--- Listed records ---
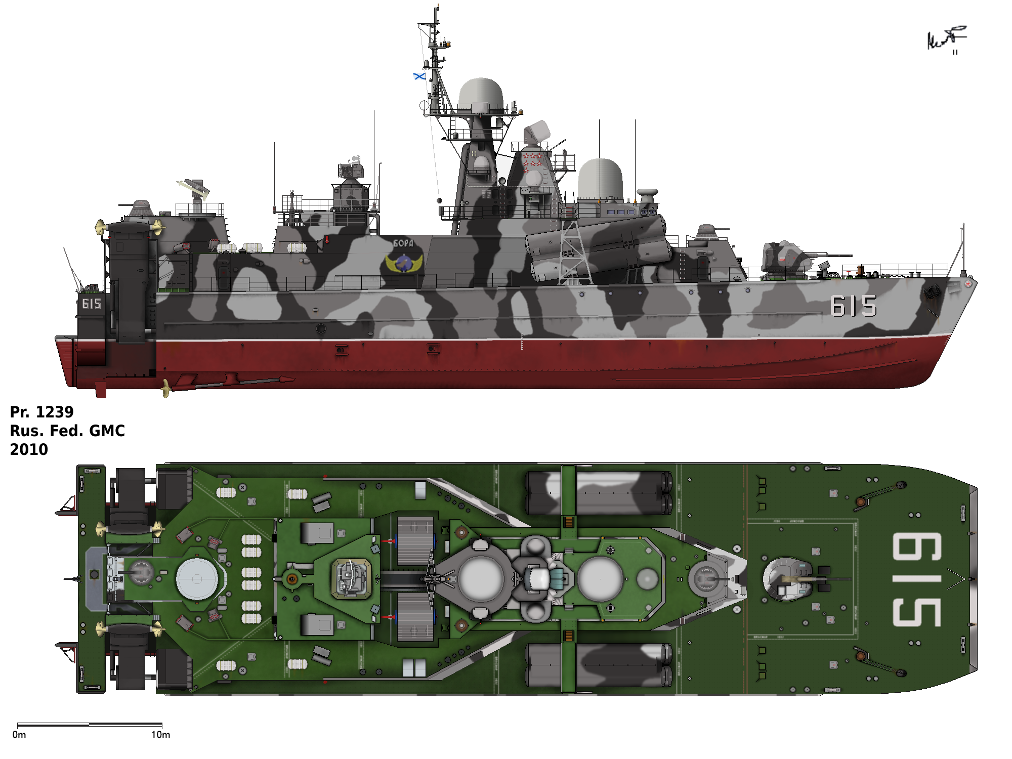 2-view drawing of the Russian Federation Project 1239 Guided Missile Craft "Bora", as seen in 2010. Dimensions as written by Apalkow Y.V. in "Ships of the soviet navy", Vol. 2, Sankt Petersburg, 2004, ISBN 5-8172-0087-2, all details reconstructed from photographs provided by various sources.
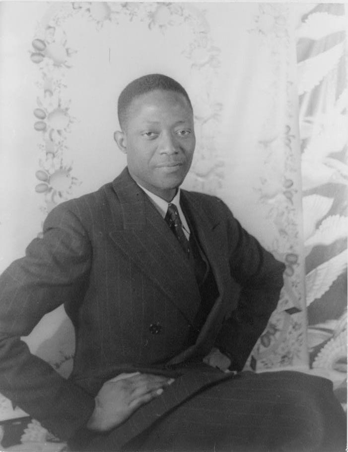 Carl Van Vechten (1880-1964)/LOC cph.3c14505. Feral Benga, 1937
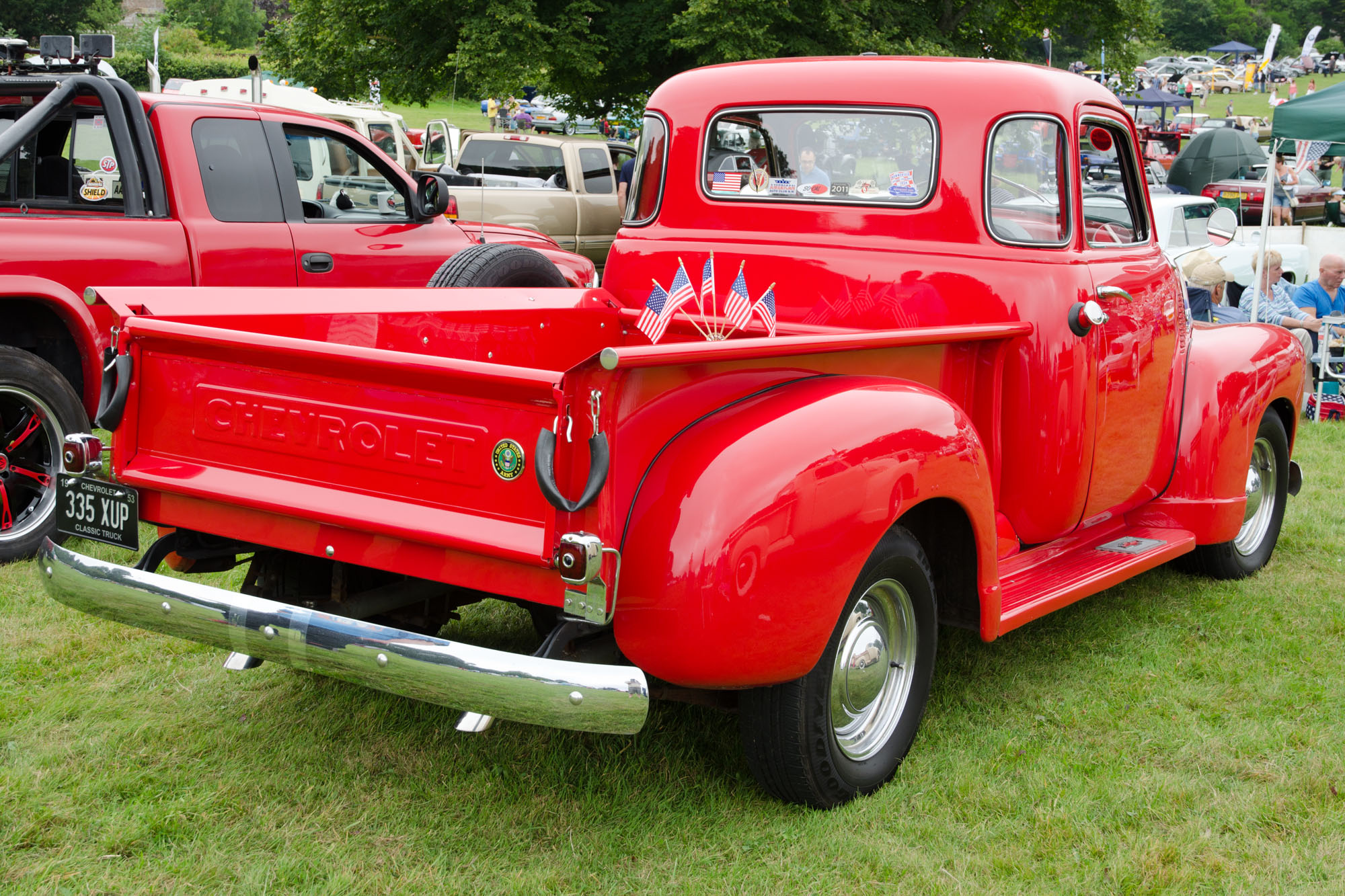 Bodelwyddan Classic Car Show 20/07/2014
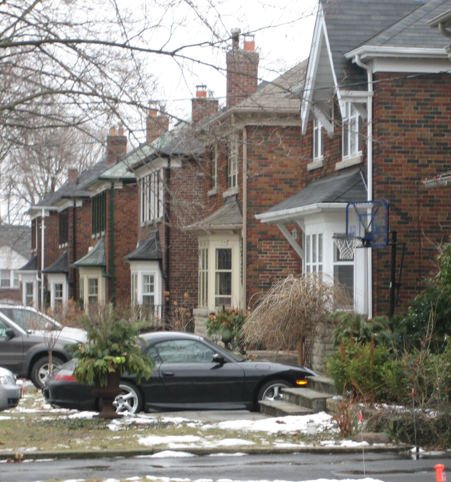 Houses in Leaside.
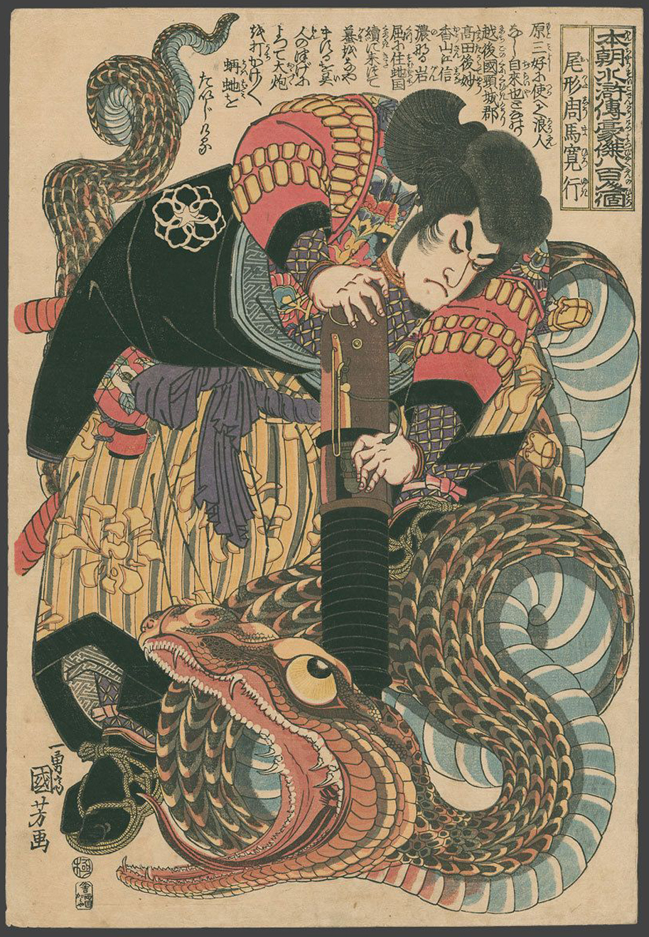 Ogata Shuma Hiroyuki (later known as Jiraiya) with a Heavy Gun Overcoming a Huge Snake Which Tried to Eat His Friends, the Magic Toads. Jiraiya is portrayed as being a ninja. Woodblock size: 39.1 x 26.9 cm. (15.4 x 10.6 in.)
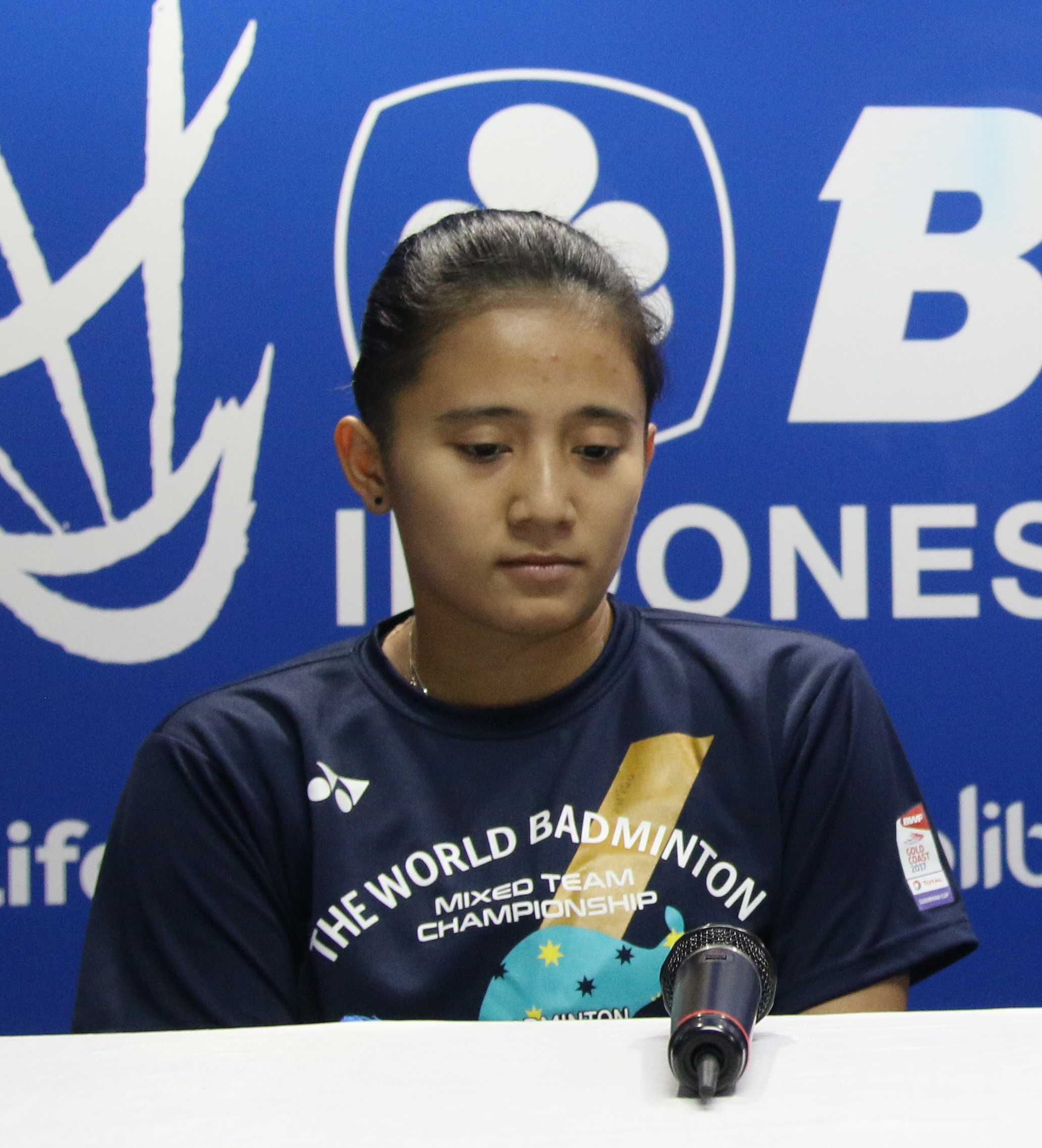 Anggia Shitta Awanda at Indonesia Open 2017 badminton tournament
---
* Task goal: Keep the pictures out and transcribe the entries exactly.

* Reply to the exercise:
 2-view drawing of the Russian Federation Project 1239 Guided Missile Craft "Bora", as seen in 2010. Dimensions as written by Apalkow Y.V. in "Ships of the soviet navy", Vol. 2, Sankt Petersburg, 2004, ISBN 5-8172-0087-2, all details reconstructed from photographs provided by various sources.
 Carl Van Vechten (1880-1964)/LOC cph.3c14505. Feral Benga, 1937
 Bodelwyddan Classic Car Show 20/07/2014
 Houses in Leaside.
 Ogata Shuma Hiroyuki (later known as Jiraiya) with a Heavy Gun Overcoming a Huge Snake Which Tried to Eat His Friends, the Magic Toads. Jiraiya is portrayed as being a ninja. Woodblock size: 39.1 x 26.9 cm. (15.4 x 10.6 in.)
 Anggia Shitta Awanda at Indonesia Open 2017 badminton tournament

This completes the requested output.